* [YOUR OBJECTIVE]: Word for word, quote the lines from the one containing "Fossil flowers of" to the end of the entries below, including both. Leave pictures out.

(Records from a dataset)
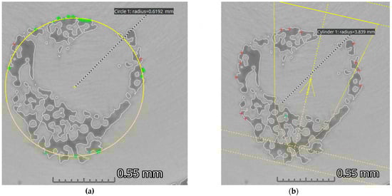 This measurement tool applied a fit of a geometry element to the determined surface mesh and allows a calculation of the deviation from the standard geometry. Concerning the planned internal structures, shown in Figure 1a, a cylinder fit or a freeform surface fit was suitable. The chosen fit for both, with the least squares method, with manually set initial fit points with auto-expand options, for a disk with a diameter of 0.06 mm and a step width of 0.015 mm for each point. The sampling method used a step width of 0.0075 mm and a maximum number of probing points of 10,000. The fit was performed with two iterations and the fit points were filtered with a search distance of 0.3 mm, a maximum gradient of 20° and a safety distance of 0.015 mm.
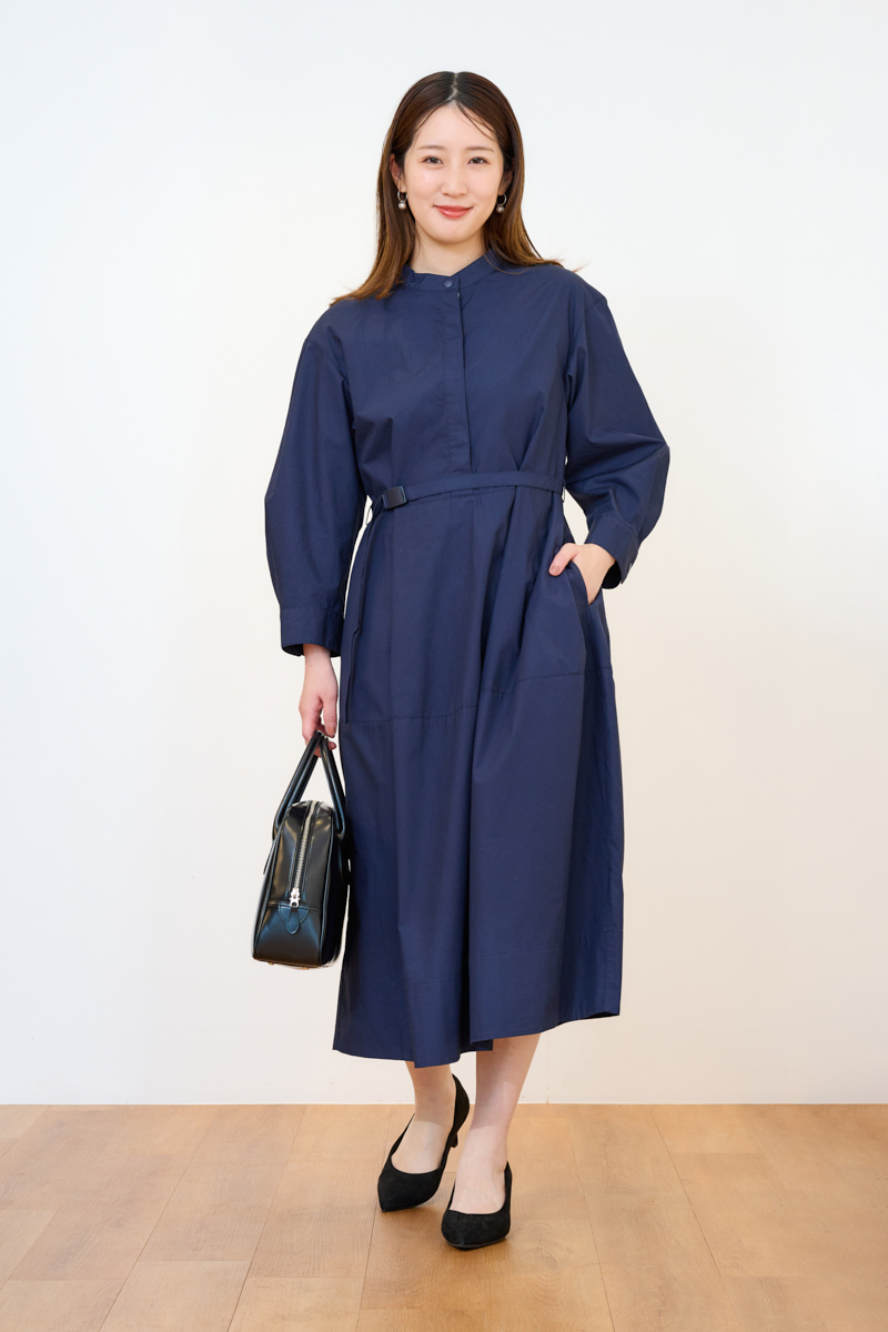 ほどよくボリュームがある7分袖のシャツワンピース。スカートがバルーンシルエットになっているので、シンプルですがほんのり甘い印象に。バックルベルトをキュッと絞って、ウエストを強調させればスタイルアップ効果も絶大。端正なワンピースなので、子どもの行事や幼児教室の送迎、参観日など母業でも頼れる一着になるはず。胸元がスナップボタンで開くので、授乳もできます。
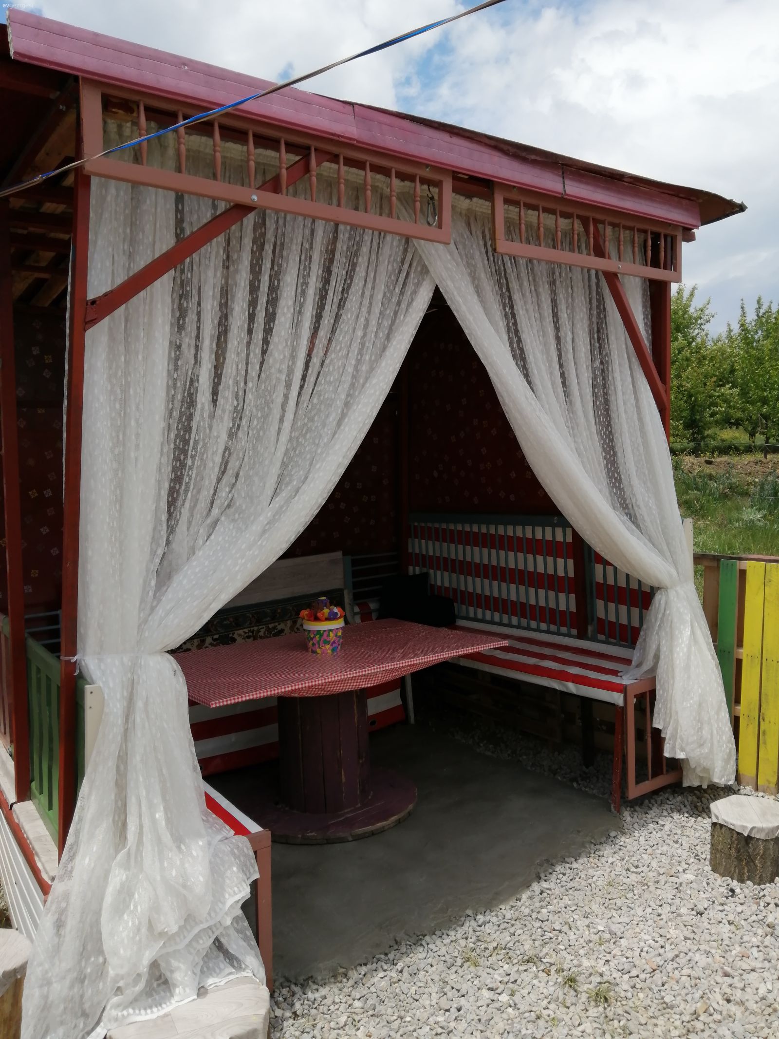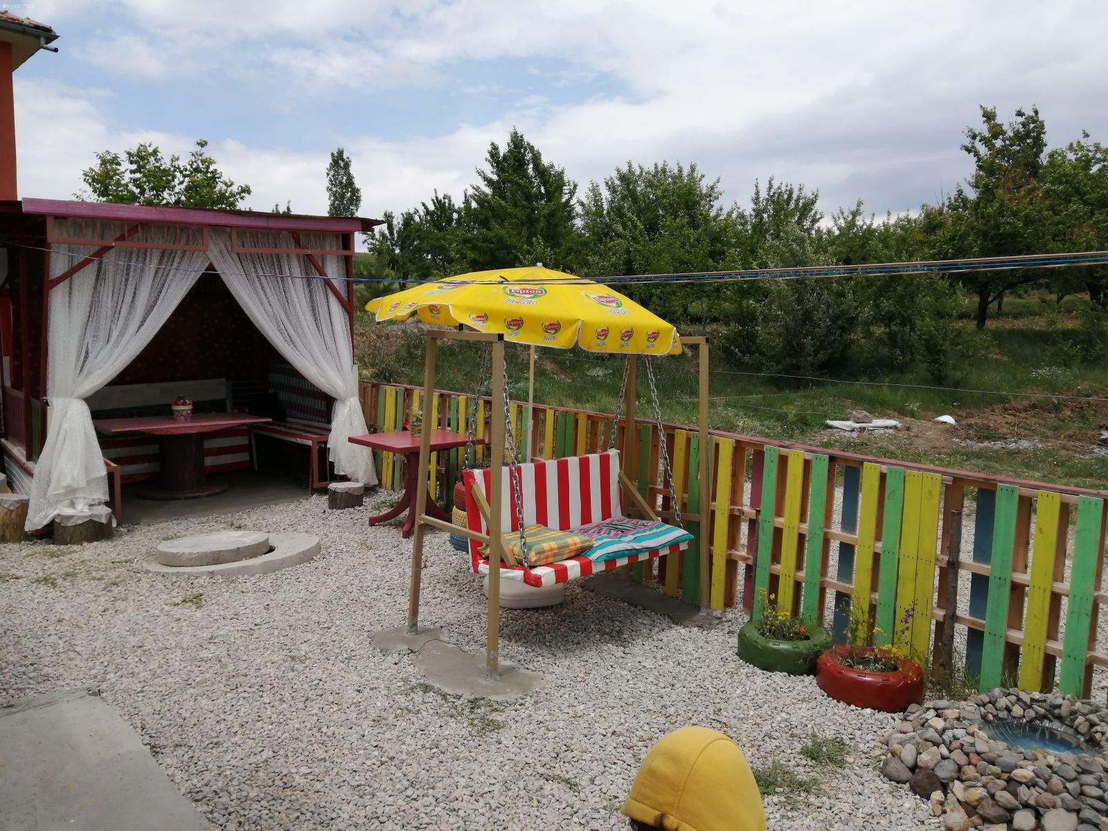 Küçük bir köy evi bahçemizi salıncak, kamelya yaparak kullanışlı bir hale getirdik. Geri dönüşüm malzemesi kullanarak eski oto lastiklerini boyayıp çiçeklik yaptık. Eski lastiği kullanarak etrafını taslar ile doldurarak süs havuzu yaptık. Paletleri çit yapıp renkli boyadık.
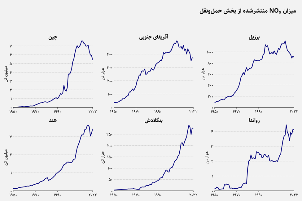 بر اساس دادههای مربوط به میزان آلایندههای نیتروژنی منتشرشده از بخش حملونقل، کشورهای با درآمد کم تا متوسط هنوز خیلی از این وضعیت عقبتر هستند. برخی از آنها، از جمله چین، آفریقای جنوبی و برزیل، نقطهٔ اوج میزان انتشار اکسیدهای نیتروژن را گذراندهاند. در بعضی کشورهای با درآمد کم یا متوسط، مانند هند، بنگلادش و رواندا، میزان رشد انتشار این آلاینده در حال کاهش است. این مشابه همان الگویی است که در بخش اول مقاله در مورد SO2 مشاهده شد.
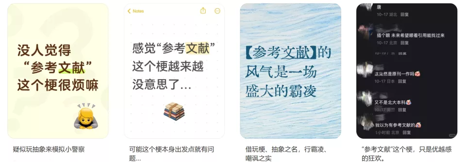 (参考文献梗,指以引用参考文献的形式对与大众认知相悖的言论进行抽象二创,在戏谑的外衣中包藏伤害和冷漠的本质)
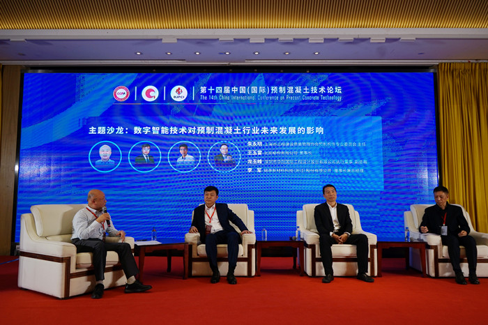 最后的主題沙龍環(huán)節(jié),上海市工程建設(shè)質(zhì)量管理協(xié)會預(yù)制構(gòu)件專業(yè)委員會主任朱永明,北京榆構(gòu)有限公司董事長王玉雷,深圳市華陽國際工程設(shè)計股份有限公司執(zhí)行董事、副總裁龍玉峰,錦蕭新材料科技(浙江)股份有限公司總工程師王建忠,4位專家圍繞“數(shù)字智能技術(shù)對預(yù)制混凝土行業(yè)未來發(fā)展的影響”這一主題,結(jié)合實戰(zhàn)經(jīng)驗,圍繞數(shù)智技術(shù)、綠色技術(shù)的發(fā)展對裝配式產(chǎn)業(yè)未來的影響,各抒己見,給出了中肯的意見和建議。
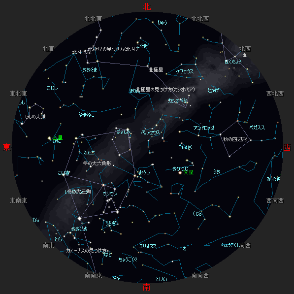 ☆ 星図の作成は アストロアーツ マルチメディア天文シュミレーション ステラナビゲータ を使用しております。 ☆ 詳しい星空ガイドは アストロアーツHP、月刊星ナビ、月刊天文ガイド 等を見てください。 ☆ 星空ガイドは、月刊星ナビ、月刊天文ガイド、天文年鑑 を参考に作成しました。 |
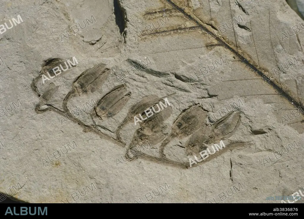 Fossil flowers of a plant from the heath and heather family (Ericaceae), found in the Clarkia Fossil Bowl, a Miocene Epoch lake bed deposit in northern Idaho. Some of the best fossil leaf preservation in the world is found here. This fossil is 3" long.
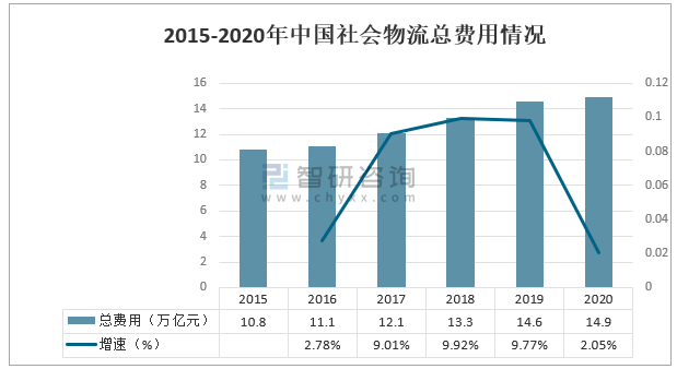 智研咨詢發布的《2021-2027年中國智能化分揀系統產業發展動態及市場前景趨勢報告》數據顯示:物流是國家經濟發展的重要基礎設施,是連接生產、分配、消費不可或缺的服務,2015-2020年中國社會物流總費用持續增長,2020年,我國社會物流總費用達到14.9萬億。
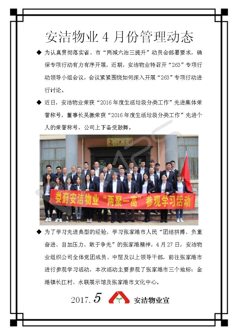 安洁物业4月份管理动态
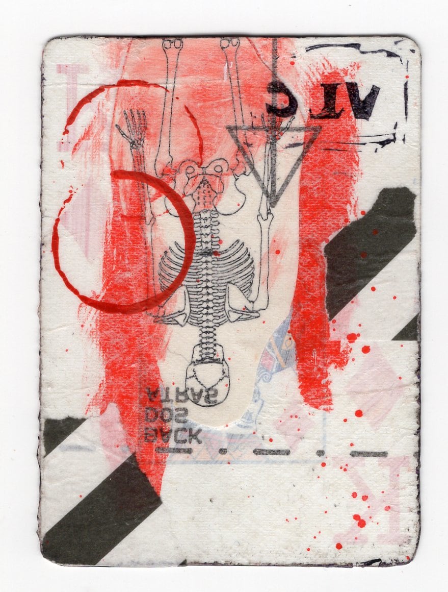Front: Human skeleton overlayed with old sewing pattern. Black borders and lines allude to geographic information pointing people to a safe abortion provider in a now unknown place. Red circles imply secret identities about the people who made and shared the deck.
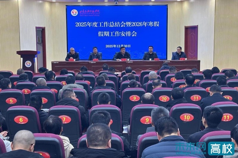 2025年12月30日下午,甘肃民族师范学院召开年度工作总结暨寒假工作安排会议。学校党委书记贡力出席会议并讲话,总结2025年工作,部署2026年重点任务及寒假安排。学校领导及全校副处级以上干部参会。
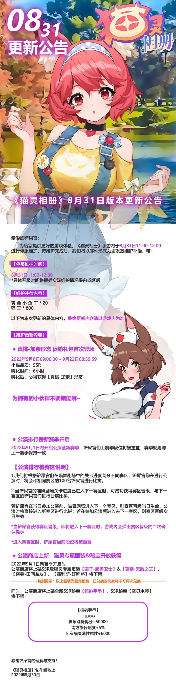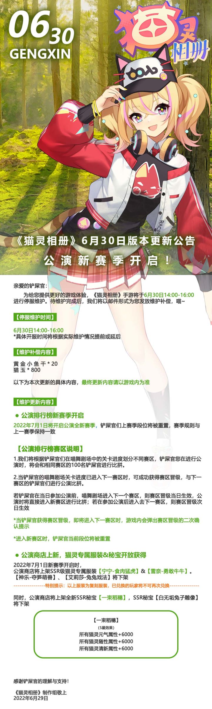 为给您提供更好的游戏体验,《猫灵相册》手游将于6月30日14:00-16:00进行停服维护。待维护完成后,我们将以邮件形式为您发放维护补偿喵!

* [YOUR RESPONSE]:
 Fossil flowers of a plant from the heath and heather family (Ericaceae), found in the Clarkia Fossil Bowl, a Miocene Epoch lake bed deposit in northern Idaho. Some of the best fossil leaf preservation in the world is found here. This fossil is 3" long.
 智研咨詢發布的《2021-2027年中國智能化分揀系統產業發展動態及市場前景趨勢報告》數據顯示:物流是國家經濟發展的重要基礎設施,是連接生產、分配、消費不可或缺的服務,2015-2020年中國社會物流總費用持續增長,2020年,我國社會物流總費用達到14.9萬億。
 安洁物业4月份管理动态
Front: Human skeleton overlayed with old sewing pattern. Black borders and lines allude to geographic information pointing people to a safe abortion provider in a now unknown place. Red circles imply secret identities about the people who made and shared the deck.
 2025年12月30日下午,甘肃民族师范学院召开年度工作总结暨寒假工作安排会议。学校党委书记贡力出席会议并讲话,总结2025年工作,部署2026年重点任务及寒假安排。学校领导及全校副处级以上干部参会。
 为给您提供更好的游戏体验,《猫灵相册》手游将于6月30日14:00-16:00进行停服维护。待维护完成后,我们将以邮件形式为您发放维护补偿喵!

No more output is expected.